The Sierra Club is acting like a 2-year-old with a water gun.
If you give my youngest, Declan, a hydrogen-loaded weapon, I assure you he would fire it off like a crazed assassin. Shots would be sprayed in every direction, and everybody and every thing would be a target.
The cross hairs of the nation’s most bothersome environmental group appear to be just as loose. San Francisco’s Board of Supervisors passed an ordinance to allow residential developers to add more parking spots to their new apartment buildings as long as they are dedicated for car-share programs.
Unlike a 2-year-old, San Francisco is way into sharing when it comes to cars that travel on local routes. Its non-profit City CarShare allows users to choose a vehicle—one of them an environmentally conscious Toyota Prius—that they can use for a few hours before returning it so someone else could enjoy a drive.
At first glance, it looks like the Sierra Club has a legitimate argument. Club Secretary Sue Vaughan said the plan “will add to overall congestion and negatively impact the flow of transit and air quality.”

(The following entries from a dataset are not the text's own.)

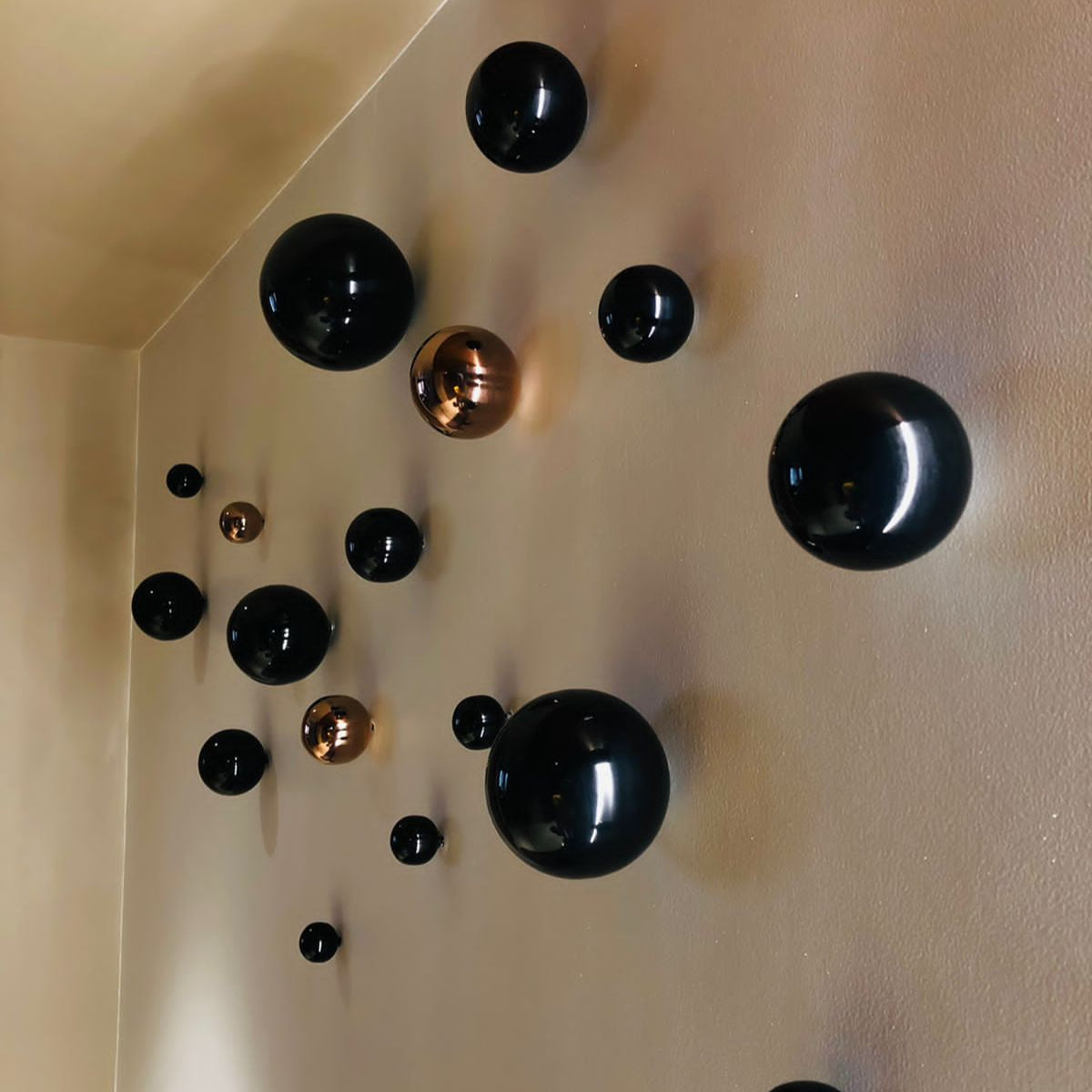 - This piece is crafted from Stainless steel with a sleek Gold, Rosegold , Metalic Black finish. Its spherical shapes create a visually captivating focal point, blending seamlessly into minimalist, contemporary, or industrial interiors. Perfect for living rooms, bedrooms, or office spaces,
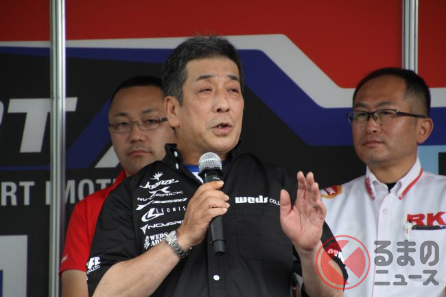 それが「TGR TEAM WedsSport BANDOH」を運営するホイールメーカーの「ウェッズ」が、ヨシムラジャパンのロードレース活動のスポンサーに就任したというニュースで、会場にはウェッズの社長である石田純一氏も駆けつけました。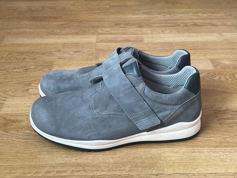 Указан 13 размер. Идут на 48. Стелька до сгиба на пятку 32см, от края до края 32,5см. Ширина стельки 10,5см. Верх - натуральная кожа нубук, внутри текстиль. На широкую ногу. Подъем регулируется липучкой. Стелька мягкая. Идеальное состояние, без дефектов.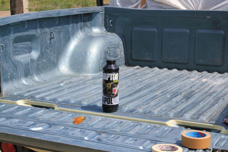 Закупил "Раптор" и все то, что необходимо, выбрали погожий денек без ветра (потому как подходящего гаража тогда не было) и вдвоем приступили к работе. С помощью наждачной бумаги зачистили обрабатываемую поверхность. Потом с помощью малярного скотча вывели границы обрабатываемого участка, закрыли все то, что не подлежало окраске, обезжирили и наконец окрасили. После окраски есть один засадный нюанс, вовремя удалить скочт иначе будут задиры по краям и эстетика пострадает (у нас вроде получилось ОК).

Those who do not have access to a car can suddenly have one if they are a paying CarShare member. However, a recent University of California-Berkeley study found that after signing up with a car-sharing program, almost half of households with a car got rid of their vehicle. San Francisco’s Board of Supervisors provided a more detailed statistic, stating that each new car-share vehicle replaces between eight and 10 private cars.
Apparently, city developers are literally pushing out San Francisco’s CarShare program. The biggest complaint among members is that parking spaces at gas stations and open-air lots are dwindling when those areas get converted into buildings and other uses.
What I don’t understand is why the nation’s top environmental watchdog is questioning something that has a green undertone. The Sierra Club should wait and see the actual effects of this movement, but instead it just wants to take a green garden hose to the idea and soak it to death.